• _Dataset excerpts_

________________________________________

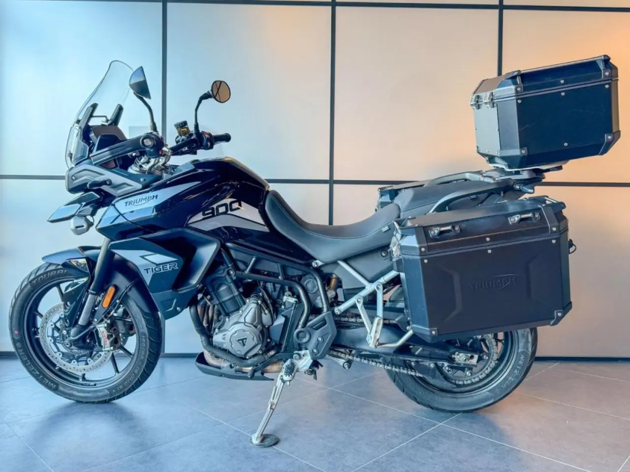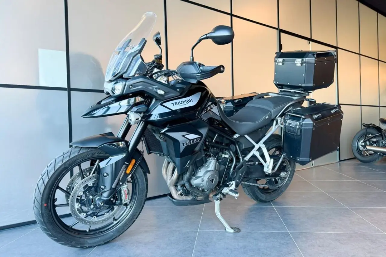 Lågmilad Tiger 900 GT Low med 3 väskor.
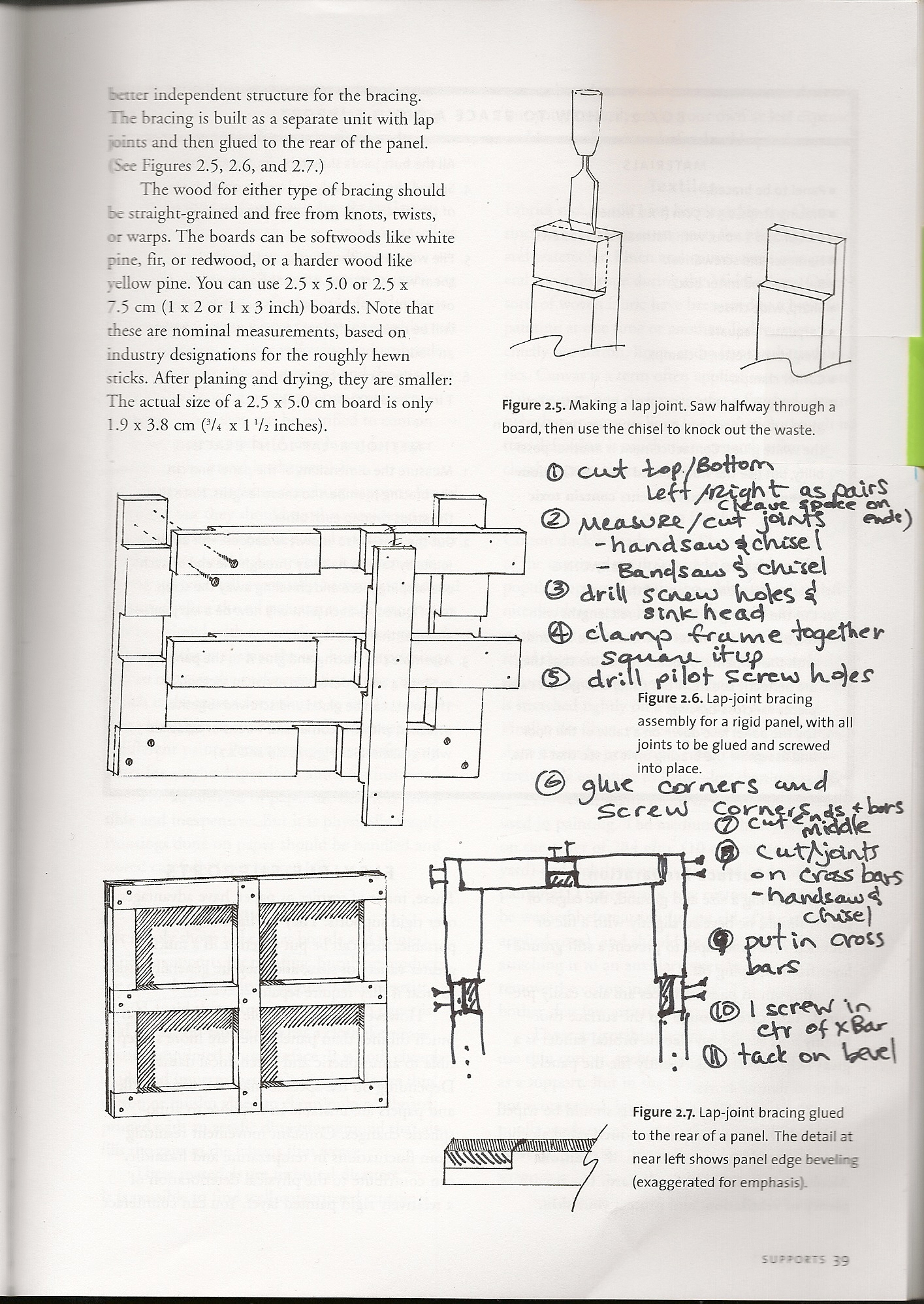 - Fit the cross bar(s) onto the stretcher frame, drill two pilot holes in each lap joint, apply wood glue to each joint, and screw the lap joints together – EXCEPT for the centre lap joint, do NOT apply glue and drill in the centre screws LAST. (This allows for adjustments later).
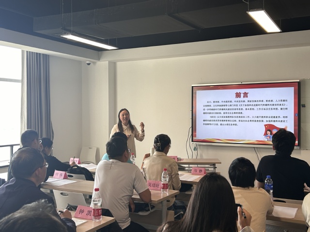 儀式結(jié)束后,杜娟書記為學(xué)員們講授“教師職業(yè)教育素養(yǎng)”,重點(diǎn)圍繞全方位構(gòu)建師德師風(fēng)建設(shè)新格局,倡導(dǎo)廣大教師做有理想信念、有道德情操、有扎實(shí)學(xué)識(shí)、有仁愛之心的老師。
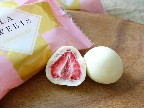フリーズドライした苺を丸ごと一粒使っているんですよ。苺は甘酸っぱく、サクサクしているのが特徴。
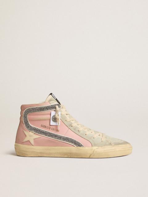 Skate soul, glamorous attitude. Our Slide sneakers take you straight to Venice Beach, between an ollie and a kickflip. With a pink leather upper, this model features a cream leather star and inserts in ice-gray suede, such as the heel tab and tongue. The silver Swarovski micro-crystal flash with white leather trim, and the cream laces complete the look. DETAILS Item No. GWF00115.F005246.25644 - Pink leather upper - Cream leather star - Ice-gray suede heel tab - Ice-gray suede tongue - Ice-gray suede inserts - Silver Swarovski micro-crystal flash with white leather trim - Cream laces - Vintage finish - Upper: 81% cow leather, 8% acrylic, 5% crystal, 3% polyurethane, 3% polyamide - Lining: 34% cotton, 31% cow leather, 23% polyurethane, 8% viscose, 4% polyester - Sole: 100% rubber - Handmade - Made in Italy
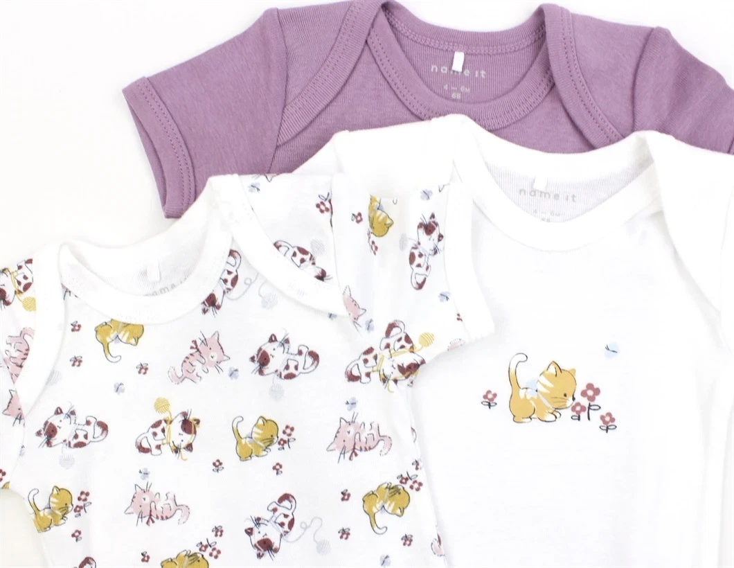 Pakken indeholder 1 ensfarvet lilla body, 1 hvid body med katteprint og 1 hvid body med all-over katteprint.

________________________________________

• _Activity_
Say again, exactly, only those lines of the records that run from the start through the line with "Skate soul, glamorous". Pictures are to be skipped.

• _Output of the task_
 Lågmilad Tiger 900 GT Low med 3 väskor.
 - Fit the cross bar(s) onto the stretcher frame, drill two pilot holes in each lap joint, apply wood glue to each joint, and screw the lap joints together – EXCEPT for the centre lap joint, do NOT apply glue and drill in the centre screws LAST. (This allows for adjustments later).
 儀式結(jié)束后,杜娟書記為學(xué)員們講授“教師職業(yè)教育素養(yǎng)”,重點(diǎn)圍繞全方位構(gòu)建師德師風(fēng)建設(shè)新格局,倡導(dǎo)廣大教師做有理想信念、有道德情操、有扎實(shí)學(xué)識(shí)、有仁愛之心的老師。
フリーズドライした苺を丸ごと一粒使っているんですよ。苺は甘酸っぱく、サクサクしているのが特徴。
 Skate soul, glamorous attitude. Our Slide sneakers take you straight to Venice Beach, between an ollie and a kickflip. With a pink leather upper, this model features a cream leather star and inserts in ice-gray suede, such as the heel tab and tongue. The silver Swarovski micro-crystal flash with white leather trim, and the cream laces complete the look. DETAILS Item No. GWF00115.F005246.25644 - Pink leather upper - Cream leather star - Ice-gray suede heel tab - Ice-gray suede tongue - Ice-gray suede inserts - Silver Swarovski micro-crystal flash with white leather trim - Cream laces - Vintage finish - Upper: 81% cow leather, 8% acrylic, 5% crystal, 3% polyurethane, 3% polyamide - Lining: 34% cotton, 31% cow leather, 23% polyurethane, 8% viscose, 4% polyester - Sole: 100% rubber - Handmade - Made in Italy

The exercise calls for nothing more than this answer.